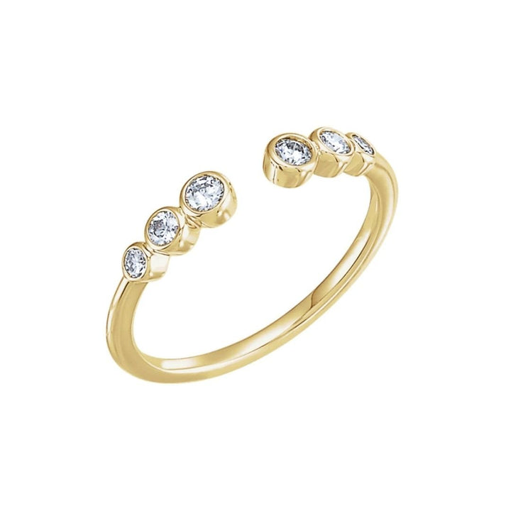 Slim and chic, this ring is the perfect combination of vintage-inspired and modern design. This minimalist choice showcases a trio of sparkling diamonds on each side of the open shank. This style is one you will want to wear with everything.
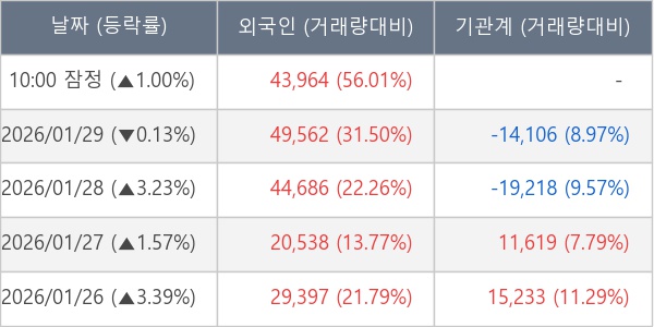 [표] 외국인ㆍ기관 순매매량 (단위 주)
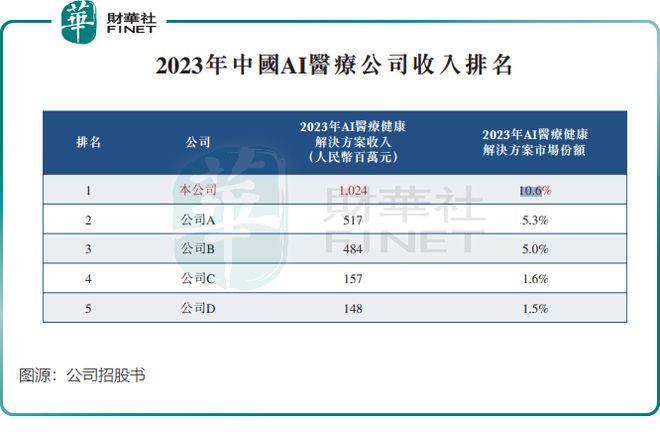 市场地位方面,微医是中国AI医疗健康解决方案的最大提供商,也是前三家专注于提供数字化及综合医疗服务的数字健康公司。按收入计,微医于2023年在中国AI医疗公司中排名第一,市场份额为10.6%,远高于排名第二的公司为5.3%的市场份额。

Task brief. Once the line containing "[표] 외국인ㆍ기관 순매매량 (단위 주)" is found, write it out exactly along with every line after it through the end of the listing, excluding pictures.

Solution for this task.
 [표] 외국인ㆍ기관 순매매량 (단위 주)
 市场地位方面,微医是中国AI医疗健康解决方案的最大提供商,也是前三家专注于提供数字化及综合医疗服务的数字健康公司。按收入计,微医于2023年在中国AI医疗公司中排名第一,市场份额为10.6%,远高于排名第二的公司为5.3%的市场份额。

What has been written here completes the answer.